Records excerpted from a collection:
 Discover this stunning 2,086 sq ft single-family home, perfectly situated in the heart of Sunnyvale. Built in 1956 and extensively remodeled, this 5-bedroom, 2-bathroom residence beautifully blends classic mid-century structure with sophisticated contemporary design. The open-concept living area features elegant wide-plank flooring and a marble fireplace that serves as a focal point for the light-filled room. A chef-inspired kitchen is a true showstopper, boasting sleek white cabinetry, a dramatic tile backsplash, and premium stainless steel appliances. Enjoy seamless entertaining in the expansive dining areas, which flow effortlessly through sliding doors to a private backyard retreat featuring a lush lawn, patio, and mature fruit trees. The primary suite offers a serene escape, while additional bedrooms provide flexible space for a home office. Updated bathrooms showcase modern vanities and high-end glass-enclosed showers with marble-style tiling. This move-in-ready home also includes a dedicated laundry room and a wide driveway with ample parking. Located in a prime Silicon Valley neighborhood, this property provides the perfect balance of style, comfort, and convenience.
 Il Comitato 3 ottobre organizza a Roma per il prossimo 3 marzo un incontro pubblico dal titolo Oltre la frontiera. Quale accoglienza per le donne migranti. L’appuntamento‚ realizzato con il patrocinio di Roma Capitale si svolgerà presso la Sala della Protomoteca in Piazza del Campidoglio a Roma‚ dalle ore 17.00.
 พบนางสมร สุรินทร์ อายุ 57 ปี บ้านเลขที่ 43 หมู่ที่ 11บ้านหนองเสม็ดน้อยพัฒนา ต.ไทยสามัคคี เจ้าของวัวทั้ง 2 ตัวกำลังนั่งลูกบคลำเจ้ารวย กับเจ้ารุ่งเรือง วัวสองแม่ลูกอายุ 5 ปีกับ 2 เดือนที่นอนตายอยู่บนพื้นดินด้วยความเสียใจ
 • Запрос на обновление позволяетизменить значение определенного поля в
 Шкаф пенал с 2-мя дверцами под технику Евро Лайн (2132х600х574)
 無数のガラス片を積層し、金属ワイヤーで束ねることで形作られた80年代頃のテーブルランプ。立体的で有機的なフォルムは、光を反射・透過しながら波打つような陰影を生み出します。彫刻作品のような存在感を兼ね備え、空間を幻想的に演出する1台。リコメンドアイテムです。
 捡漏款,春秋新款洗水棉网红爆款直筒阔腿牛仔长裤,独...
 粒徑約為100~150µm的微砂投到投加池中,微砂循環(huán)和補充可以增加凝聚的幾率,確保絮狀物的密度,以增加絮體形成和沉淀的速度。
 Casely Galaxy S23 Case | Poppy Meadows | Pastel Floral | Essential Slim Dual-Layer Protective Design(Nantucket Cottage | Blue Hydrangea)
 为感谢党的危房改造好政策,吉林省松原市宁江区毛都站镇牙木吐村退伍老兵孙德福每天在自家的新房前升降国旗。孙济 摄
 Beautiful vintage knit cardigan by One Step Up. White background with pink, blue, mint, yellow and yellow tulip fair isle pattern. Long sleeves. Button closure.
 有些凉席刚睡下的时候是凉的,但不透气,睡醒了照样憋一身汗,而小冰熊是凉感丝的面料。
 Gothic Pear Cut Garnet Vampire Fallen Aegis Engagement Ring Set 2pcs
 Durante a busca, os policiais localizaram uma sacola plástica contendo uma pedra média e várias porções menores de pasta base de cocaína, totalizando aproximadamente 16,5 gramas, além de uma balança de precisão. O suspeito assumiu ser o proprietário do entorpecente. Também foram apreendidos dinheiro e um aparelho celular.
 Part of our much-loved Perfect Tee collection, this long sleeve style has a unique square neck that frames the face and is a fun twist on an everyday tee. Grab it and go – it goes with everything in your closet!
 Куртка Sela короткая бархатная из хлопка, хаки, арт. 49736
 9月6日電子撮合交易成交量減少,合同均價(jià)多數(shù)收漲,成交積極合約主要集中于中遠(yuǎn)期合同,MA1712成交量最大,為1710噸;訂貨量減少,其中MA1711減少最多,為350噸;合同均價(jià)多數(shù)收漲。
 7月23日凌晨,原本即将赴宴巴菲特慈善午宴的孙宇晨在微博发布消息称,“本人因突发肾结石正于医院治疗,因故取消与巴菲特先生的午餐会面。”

* Your task:
Please, from the entries above, set down exactly the lines from the one containing "Шкаф пенал с" through the one containing "粒徑約為100~150µm的", and only those.

* Solution to the problem:
 Шкаф пенал с 2-мя дверцами под технику Евро Лайн (2132х600х574)
 無数のガラス片を積層し、金属ワイヤーで束ねることで形作られた80年代頃のテーブルランプ。立体的で有機的なフォルムは、光を反射・透過しながら波打つような陰影を生み出します。彫刻作品のような存在感を兼ね備え、空間を幻想的に演出する1台。リコメンドアイテムです。
 捡漏款,春秋新款洗水棉网红爆款直筒阔腿牛仔长裤,独...
 粒徑約為100~150µm的微砂投到投加池中,微砂循環(huán)和補充可以增加凝聚的幾率,確保絮狀物的密度,以增加絮體形成和沉淀的速度。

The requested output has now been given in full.